Cliff Huxford

Personal information
- Full name: Clifford George Huxford
- Date of birth: 8 June 1937
- Place of birth: Stroud, Gloucestershire, England
- Date of death: 3 August 2018 (aged 81)
- Position: Wing half

Youth career
- 1953–1955: Chelsea

Senior career*
- Years: Team / Apps / (Gls)
- 1955–1959: Chelsea / 6 / (0)
- 1959–1967: Southampton / 278 / (4)
- 1967–1968: Exeter City / 41 / (1)
- –: Worcester City

Managerial career
- 1972: Aldershot (caretaker manager)
- ?–2001: Brockenhurst

= Cliff Huxford =

English footballer (1937–2018)

Clifford George Huxford (8 June 1937 – 3 August 2018) was an English footballer who played as a wing half in the Football League for Chelsea, Southampton and Exeter City.

== Football career ==
Huxford began his career as a junior with Chelsea, and made his Football League debut for the club in the 1958–59 season, before moving to Southampton in part-exchange for Charlie Livesey.

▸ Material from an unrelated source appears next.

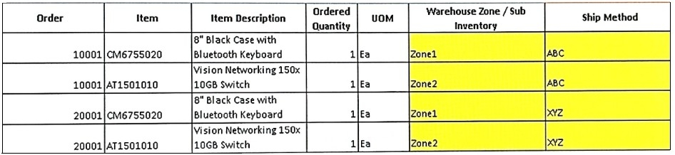 Your company has a warehouse that is classified as two different zones to enforce allocation and picking from only one subinventory at a time. The business has a contract with a specific outbound logistics carrier to deliver all orders for a particular customer zone or postal code.
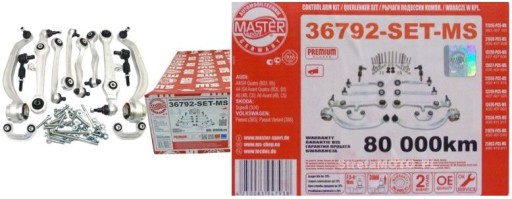 Nowy, kompletny zestaw 8 wahaczy HD (drążków reakcyjnych) + 2 końcówki drążka kierowniczego + 2 łączniki stabilizatora + śruby HD - kompletny zestaw wielowahaczowego zawieszenia na obydwie strony. Zestaw charakteryzuje się doskonałym stosunkiem jakości do ceny. Komplet jest jakościowo bardzo dobrze wykonany i chwalony przez wielu mechaników (kupują zestawy już od kilku lat) nie ulega szybkim uszkodzeniom jak inne tańsze "chińskie" zamienniki.. Wahacze firmy MASTER-SPORT wyprodukowane są z wysokiej jakości materiałów przy zachowaniu najwyższych norm procesów produkcji oraz norm jakościowych. Spełniają wymogi dyrektywy Unii Europejskiej GVO co oznacza że mogą być zamiennikiem części oryginalnych. Wzmocniona konstrukcja tulei oraz sworzni zastosowanych w wahaczach przekłada się na zwiększenie żywotności, bezpieczeństwa i komfortu jazdy.

He spent eight seasons with Southampton, during which he played 320 games in all competitions, scoring 4 goals. In 1967, he moved on to Exeter City for a season, playing a further 41 games and scoring once. He went on to play for clubs including Worcester City of the Southern League, after which he had a long career as coach or manager with numerous clubs in non-League football.